- PROMPT
Pictures excluded, set down exactly the lines from the one containing "1999年7月,中共對法輪功" through the final line of the material, and only those.

- PROVIDED DATA
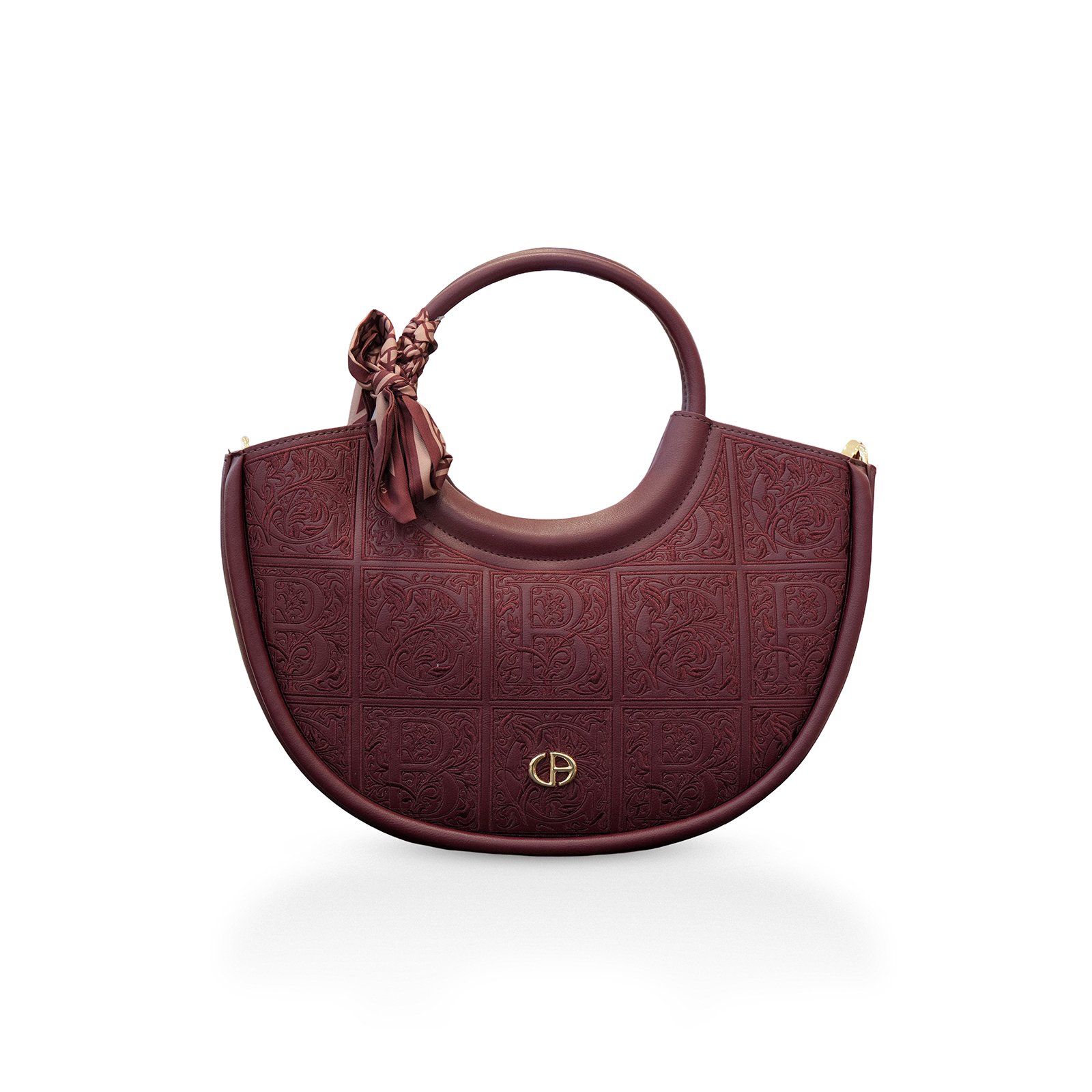 A stylish top-handle and shoulder bag from the Chrisbella brand in a deep maroon hue, featuring a unique all-over embossed pattern, a curved shape, and a decorative scarf tied to the circular top handle. It includes an optional shoulder strap for versatile carrying.
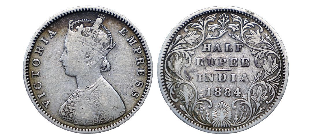 Victoria Empress, Silver ½ Rupee, 1884, Bombay Mint, A / II / dot, (Prid 292).
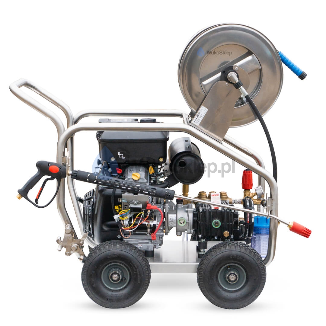 Wyposażona w wydajny silnik Briggs & Stratton Vanguard oraz włoską pompę UDOR, gwarantuje niezawodność i długotrwałą pracę. Doskonale sprawdzi się przy czyszczeniu kostki brukowej, dachów, elewacji i wielu innych powierzchni.
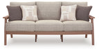 Natural neutrals are all the rage. Embrace the style trend with this outdoor sofa. Crafted with MEGA-TUFF® HDPE material, this chair combines the exceptional durability and weather resistance you need with the wood look you love. Comfy cushions wrapped in our high-performing, low-maintenance Nuvella® fabric offer stylish and durable appeal, taking outdoor living to a whole new level. Coordinating accent pillows add a wonderful layer of interest.
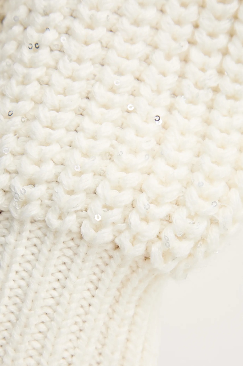 - Fason relaxed. - Rękawy i dolna krawędź wykończone wygodnym, elastycznym ściągaczem. - Model z golfem. - Model z materiału z cekinami. - Długość: 60 cm. - Szerokość pod pachami: 55 cm. - Wymiary podane dla rozmiaru: 36.
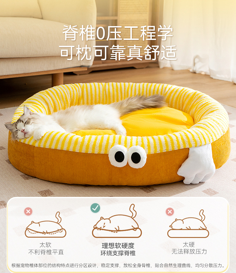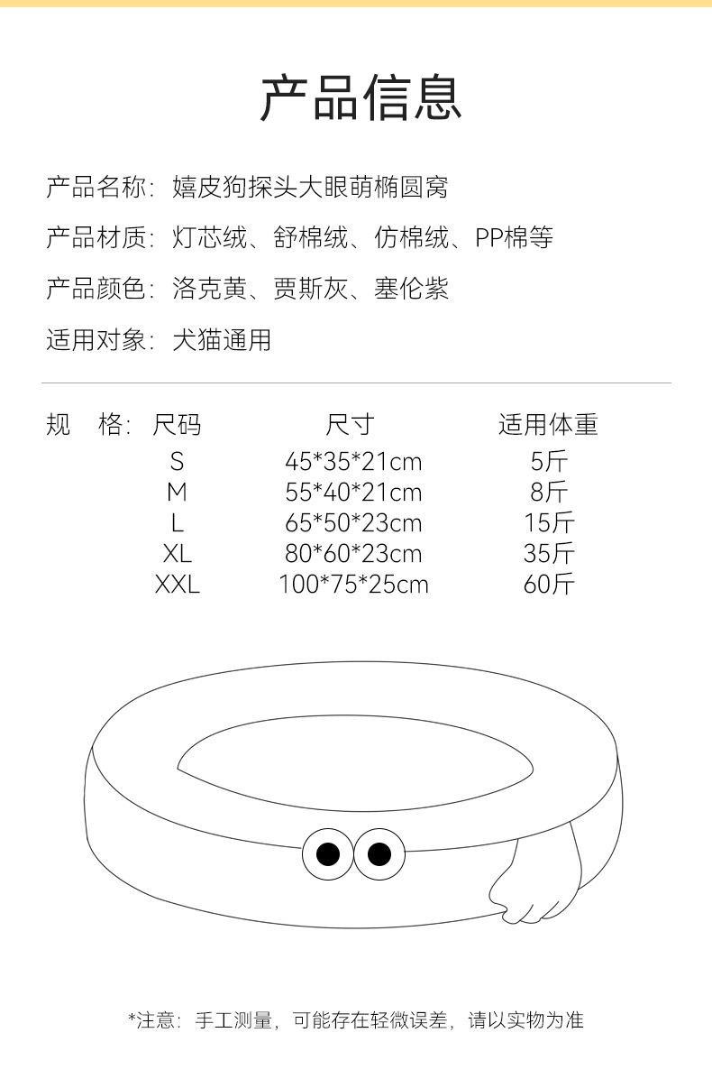 24 년 새로운 간단한 단색 프로브 큰 눈 귀여운 타원형 둥지 고양이 사육장 작은 개 애완 동물 가을과 겨울 둥지 용품스토어 가기
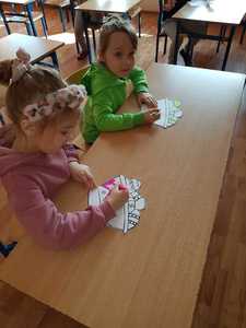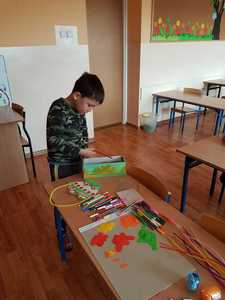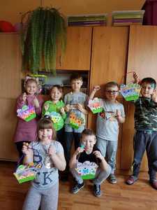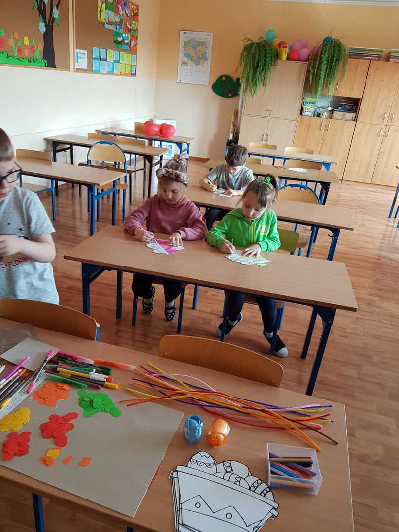 W ramach współpracy i integracji z przedszkolem odbyły się wiosenno - wielkanocne zajęcia plastyczne, w których uczestniczyły dzieci sześcioletnie. W trakcie pobytu w szkole dzieci przedszkolne miały okazję zapoznać się z wyposażeniem klasy w różne sprzęty i pomoce, a także pracować samodzielnie w osobnej ławce. Podczas zajęć przedszkolaki z uwagą i skupieniu słuchały instrukcji i wskazówek nauczyciela. Po krótkim wstępie i rozmowie, uczestnicy zajęć z wielką ochotą zabrali się do twórczej pracy. W ruch poszły kredki, mazaki, druciki, kolorowy papier i elementy dekoracyjne. Praca plastyczna przyniosła dzieciom wiele radości, czego dowodem było duże zaangażowanie oraz zainteresowanie tematem. Na zakończenie za aktywność w zajęciach dzieci otrzymały drobne nagrody.
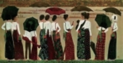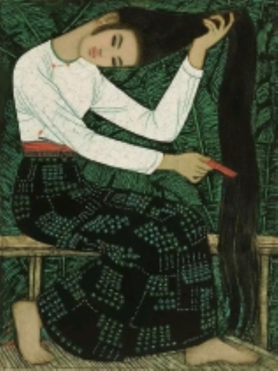 1978年,乔十光先生的漆画作品《梳妆傣女》(图2)创作完成,画面中的傣女侧坐在椅子上,歪头梳着自己的秀发,表情平静而恬淡。乔十光先生在创作时有意拉长了她的脖子与秀发,后移了右脚,使整个人的动作平展开,从而更适应画面空间,这些肢体与动作的处理构成了画面的装饰性。整个画面虽有一定的空间关系,但背景依旧是大面积的装饰性元素,长裙上的装饰则由一定规律的点、线构成。同年的作品《泼水节》(图3)塑造了12位平行排布的傣族少女,她们的身材、发型、服装都明显相似,且在较多数人物画面中,如果过于追求人物面部细节的表现,难免会削减画面的装饰性,因此在这幅作品中表现了大量的背影,使观者不必纠结于人物的面部表情与细节。将远处的龙舟处理为接近点和线的图形,作为背景的河水,运用了单一颜色,给画面保留了大量的留白空间,这些去繁从简的处理使画面更趋向平面化。比较《梳妆傣女》和《泼水节》这两幅作品的特点,可以看出乔十光先生有意将画面中通常用来表现空间感的部分削弱,使整个画面尽量脱离透视的影响,且舍弃了光影效果的表现,这样的表现手法是这两幅画作为乔十光先生创作历程中具有代表性的装饰性人物漆画的重要依据。
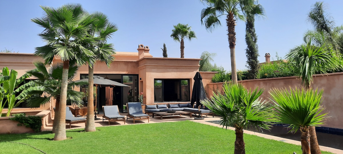 Villa située à +/- 30 minutes de Gueliz et de la médina dans un charmant domaine sécurisé 24/7 avec un terrain de tennis commun et de piscine privées. La villa se compose de 3 tres grandes suites avec chacune leur cheminée, leur télé (Netflix gratuit), 3 salles de bain, d'une petite piscine intérieure chauffée, d'une piscine extérieure privative et d'un jardin privatif sans vis à vis, d'un salon avec cheminée. Table à manger convertible en billard ou en table de ping-pong. Villa au calme.
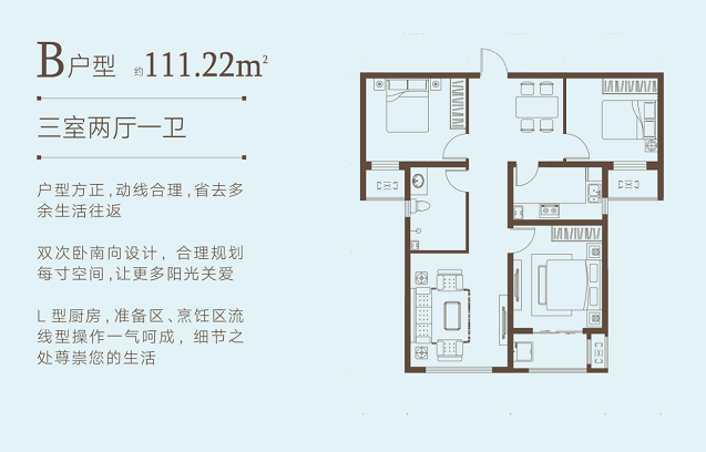 项目目前主推4号楼114㎡三室两厅两卫、111㎡三室两厅一卫户型。
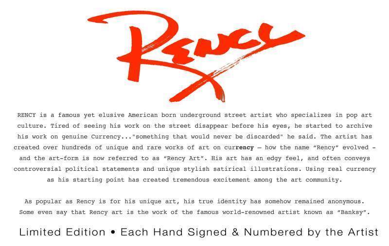 Another beauty from RENCY. The colors are vibrant. The Giclee $2 Bill is in perfect condition and comes in a clear display holder (6"x3"). One of Rency's best work to date as bill featuring MICHAEL PHELPS. The Bill Features Michael Phelps "the Swimmer" and Michael Phelps face as the superhero "AQUA-MAN". It Features the #28 for the total medals won by Phelps and the #23 for the number of GOLD OLYMPIC MEDALS won by Phelps. Rency captures the 2016 Rio Olympics and one of the USA's Greatest swimmer ever. Features the famous Michael Phelps Quote: "the more you dream...the farther your get". Historic Celebration of the 2016 Rio Olympics. Red, White and Blue USA Flag colors of graffiti pop art decorated this genuine $2 bill. Brings the subversive edge of graffiti and pop art to officially sanctioned currency. Hand-signed by artist Rency! Follows in the footsteps of other famed street artists by remaining anonymous. Includes clear display holder (6?x3?). Limited Edtion
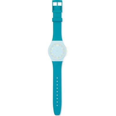 Dieses Swatch Uhrarmband ist aus silikon gefertigt und wird mit stahlstifte an der Uhr befestigt. Das Band hat eine Breite von 20.1 mm und wird mit einer dornschließe geschlossen. Das Uhrenarmband hat keine gerade Halterung, was bedeutet, dass dieses Band nur für die unten aufgeführten Uhren geeignet ist.
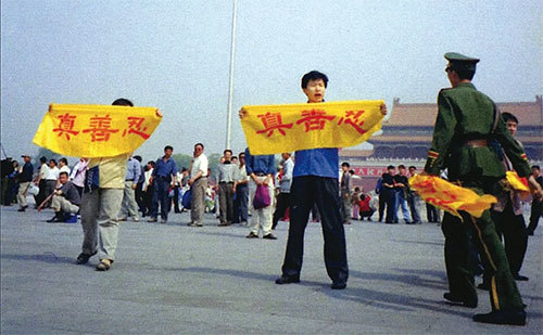 1999年7月,中共對法輪功發動滅絕性的迫害後,成千上萬的法輪功學員冒著生命危險在北京天安門廣場上和平請願,打出「真善忍」橫幅,坦然面對上前抓人的中共警察。(明慧網)
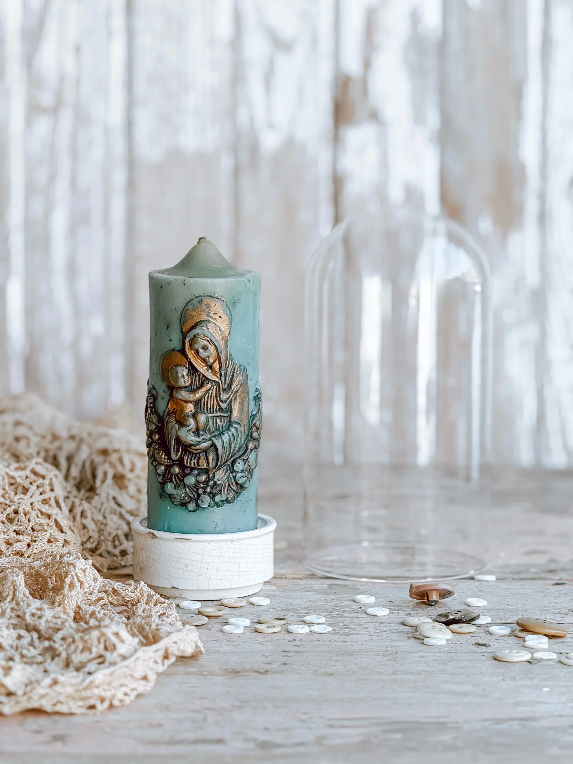 The candle shows gentle age and character, adding depth and authenticity to the piece. When placed beneath the cloche, it becomes a quiet focal point — perfect for a shelf, side table, or devotional vignette.
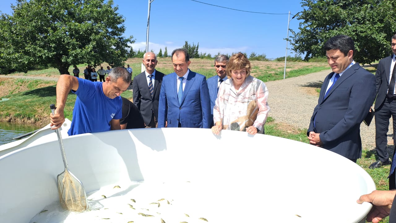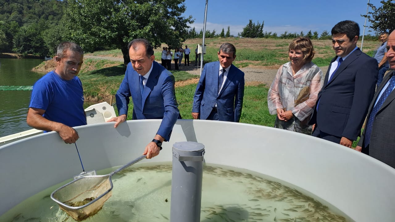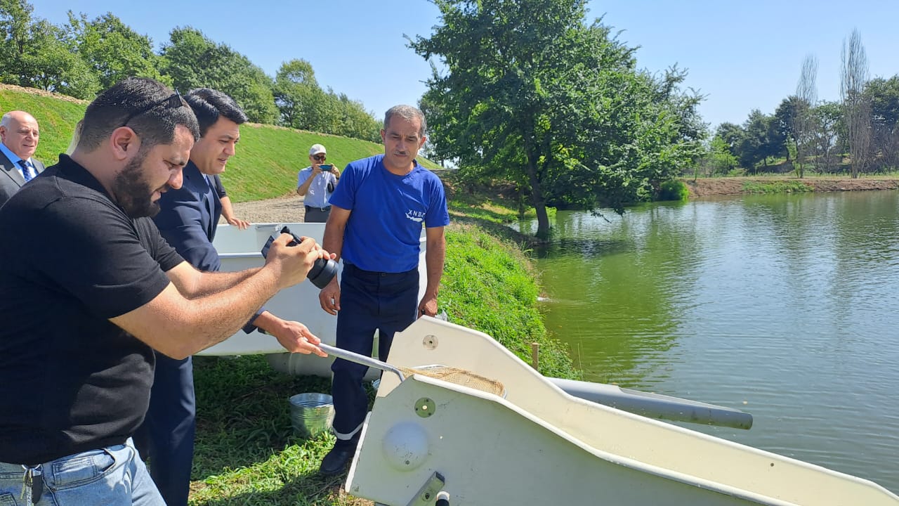 Sonda yeni salınan gölə tədbir iştirakçıları tərəfindən balıq körpələri buraxılıb.
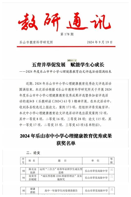 2024年度乐山市中小学心理健康教育优秀论文评选活动近期圆满结束,草堂高中五位教师:陈克金、彭媛媛、张泗、张荣芳、谢谦论文获奖!
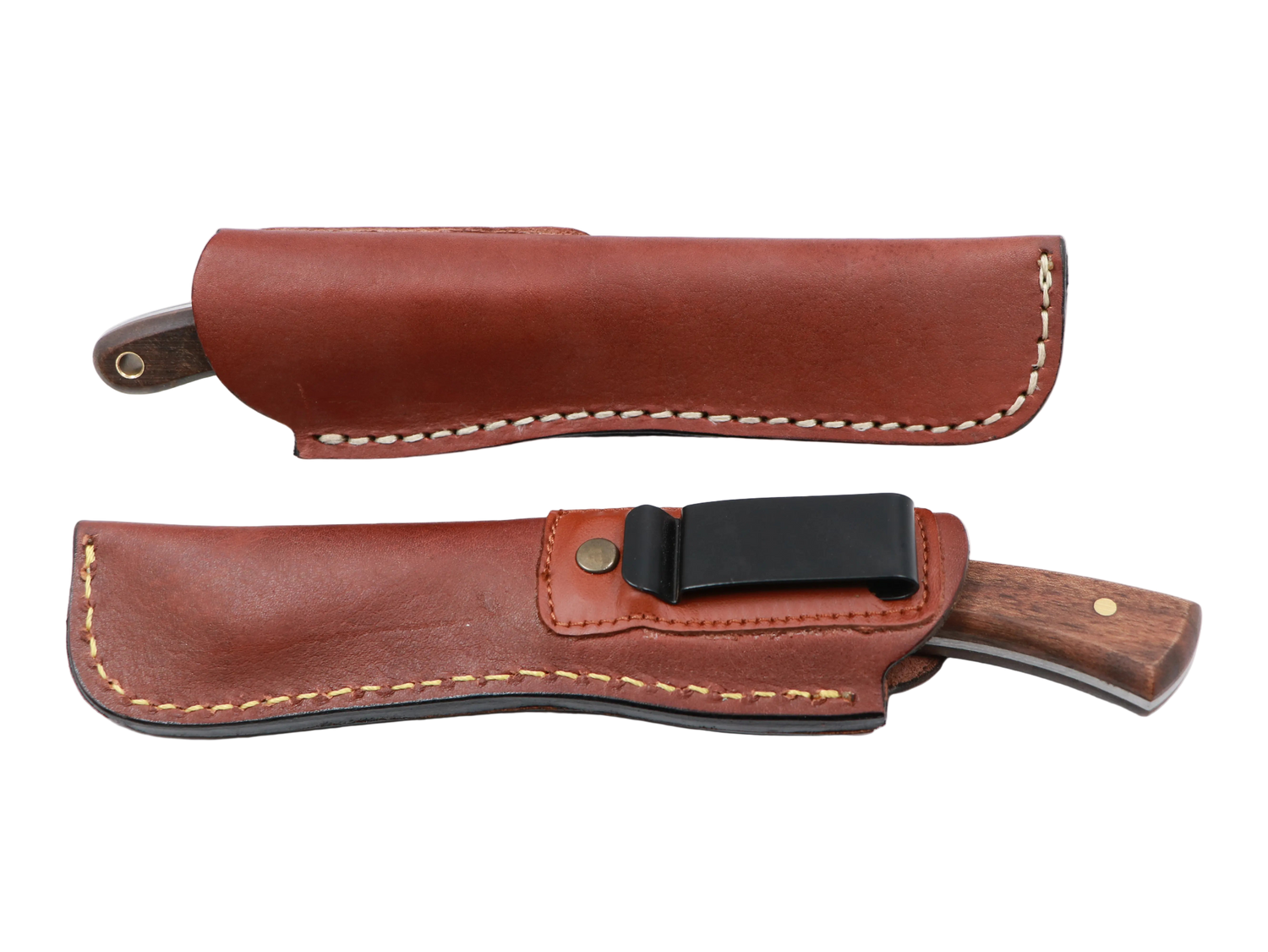 Das Set enthält zwei formstabile Lederscheiden, je nach Messer passgenau gefertigt.
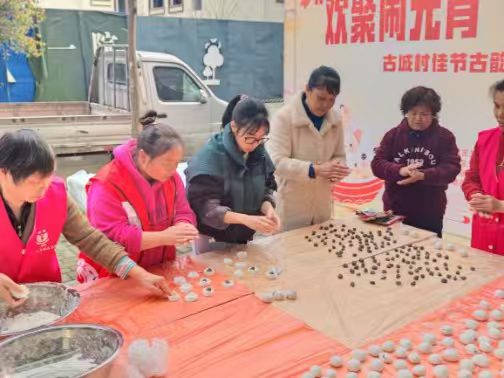古城村组织开展“欢聚闹元宵・邻里共安康”古城村佳节古韵之元宵节主题活动,以搓元宵、品元宵、传文化为核心,让广大参与者在沉浸式体验中感受元宵韵味,共庆佳节、共话美好。活动现场张灯结彩,节日条幅高高悬挂,处处洋溢着浓浓的节日气息,更是烧起柴火,让传统佳节更具烟火气与感染力。活动将动手体验、美食品尝与文化宣传结合,吸引村民群体广泛参与。搓元宵体验环节是本次活动的核心亮点,工作人员提前准备好糯米粉、黑芝麻陷等新鲜食材,现场讲解元宵的制作技巧、南北差异及民俗寓意,志愿者们演示搓制手法。参与者热情高涨,纷纷上手体验,从揉面团、包馅料到搓圆成型,大家相互请教、相互配合,欢声笑语不断,一个个形态各异、饱满圆润的元宵在手中诞生,既锻炼了动手能力,更亲身感受了传统民俗的乐趣。

- YOUR RESPONSE
 1999年7月,中共對法輪功發動滅絕性的迫害後,成千上萬的法輪功學員冒著生命危險在北京天安門廣場上和平請願,打出「真善忍」橫幅,坦然面對上前抓人的中共警察。(明慧網)
 The candle shows gentle age and character, adding depth and authenticity to the piece. When placed beneath the cloche, it becomes a quiet focal point — perfect for a shelf, side table, or devotional vignette.
 Sonda yeni salınan gölə tədbir iştirakçıları tərəfindən balıq körpələri buraxılıb.
 2024年度乐山市中小学心理健康教育优秀论文评选活动近期圆满结束,草堂高中五位教师:陈克金、彭媛媛、张泗、张荣芳、谢谦论文获奖!
 Das Set enthält zwei formstabile Lederscheiden, je nach Messer passgenau gefertigt.
古城村组织开展“欢聚闹元宵・邻里共安康”古城村佳节古韵之元宵节主题活动,以搓元宵、品元宵、传文化为核心,让广大参与者在沉浸式体验中感受元宵韵味,共庆佳节、共话美好。活动现场张灯结彩,节日条幅高高悬挂,处处洋溢着浓浓的节日气息,更是烧起柴火,让传统佳节更具烟火气与感染力。活动将动手体验、美食品尝与文化宣传结合,吸引村民群体广泛参与。搓元宵体验环节是本次活动的核心亮点,工作人员提前准备好糯米粉、黑芝麻陷等新鲜食材,现场讲解元宵的制作技巧、南北差异及民俗寓意,志愿者们演示搓制手法。参与者热情高涨,纷纷上手体验,从揉面团、包馅料到搓圆成型,大家相互请教、相互配合,欢声笑语不断,一个个形态各异、饱满圆润的元宵在手中诞生,既锻炼了动手能力,更亲身感受了传统民俗的乐趣。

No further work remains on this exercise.